┌─ Data excerpts

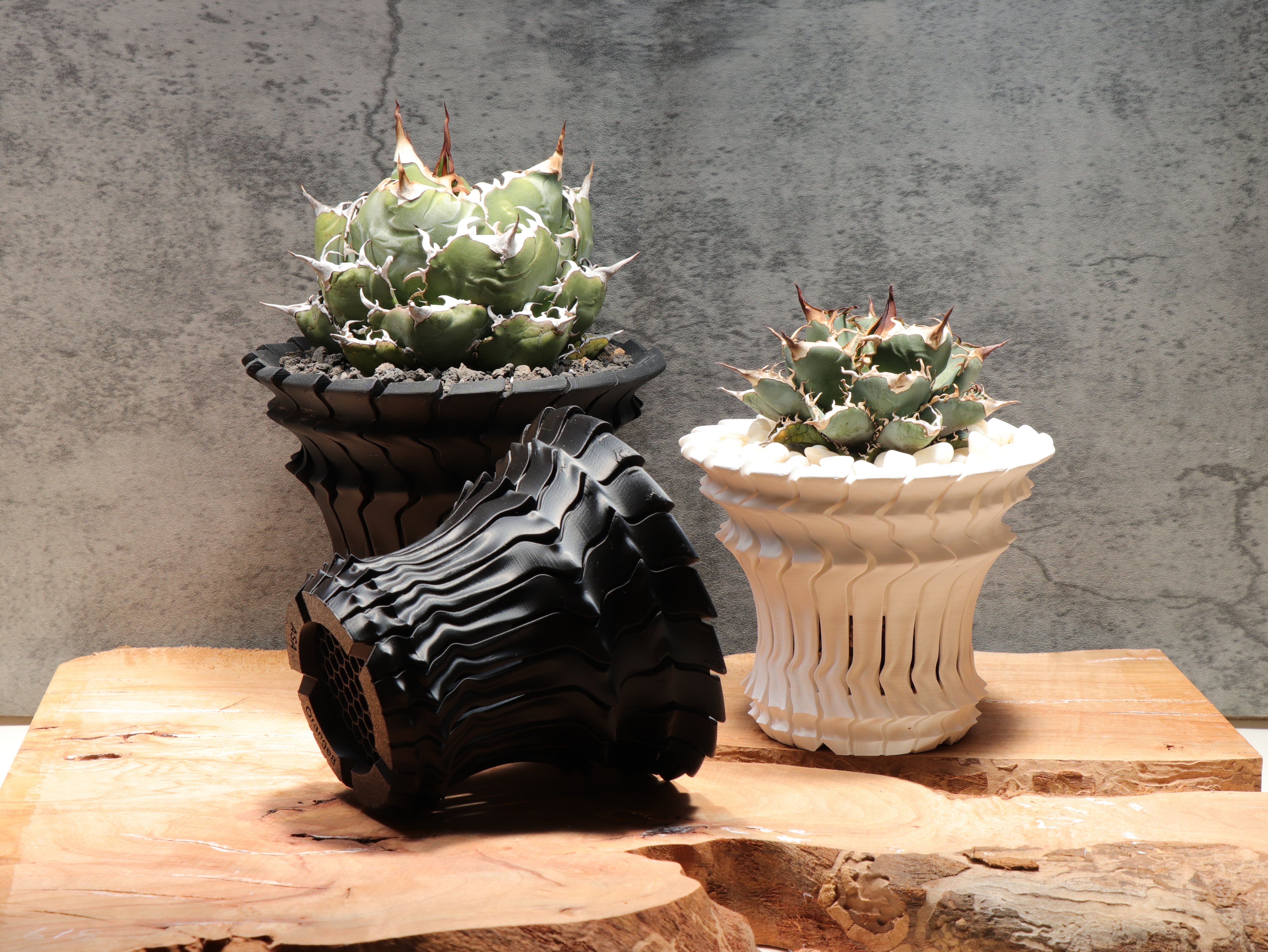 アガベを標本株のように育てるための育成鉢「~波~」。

└─
┌─ Data excerpts

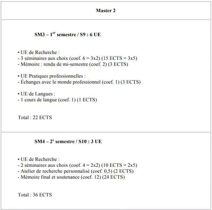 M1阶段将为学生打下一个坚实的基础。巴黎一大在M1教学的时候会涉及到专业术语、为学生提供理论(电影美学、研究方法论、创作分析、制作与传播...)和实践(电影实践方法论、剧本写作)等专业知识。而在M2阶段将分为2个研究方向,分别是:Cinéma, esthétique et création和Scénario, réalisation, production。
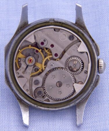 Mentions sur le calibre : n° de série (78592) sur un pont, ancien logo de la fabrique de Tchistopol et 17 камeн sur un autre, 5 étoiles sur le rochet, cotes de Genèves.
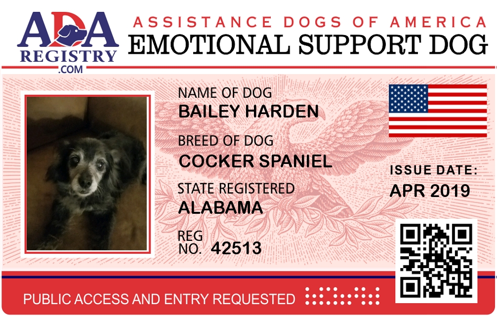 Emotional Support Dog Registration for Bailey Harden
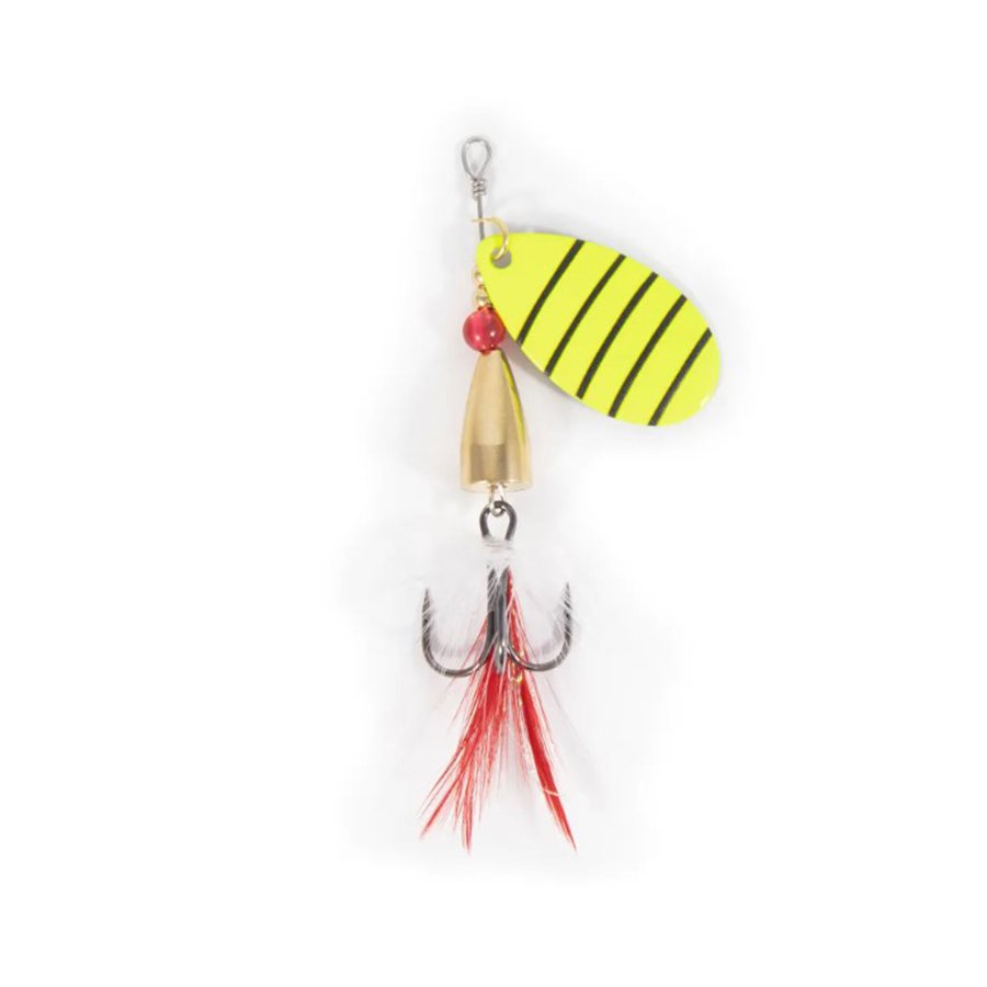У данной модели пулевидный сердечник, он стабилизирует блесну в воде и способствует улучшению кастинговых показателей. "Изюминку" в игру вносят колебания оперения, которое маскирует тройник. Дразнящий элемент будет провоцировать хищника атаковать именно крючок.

└─

What's needed is an exact copy of the lines above from the one with "Mentions sur le" through the one with "Emotional Support Dog", both included; the pictures stay out.

 Mentions sur le calibre : n° de série (78592) sur un pont, ancien logo de la fabrique de Tchistopol et 17 камeн sur un autre, 5 étoiles sur le rochet, cotes de Genèves.
 Emotional Support Dog Registration for Bailey Harden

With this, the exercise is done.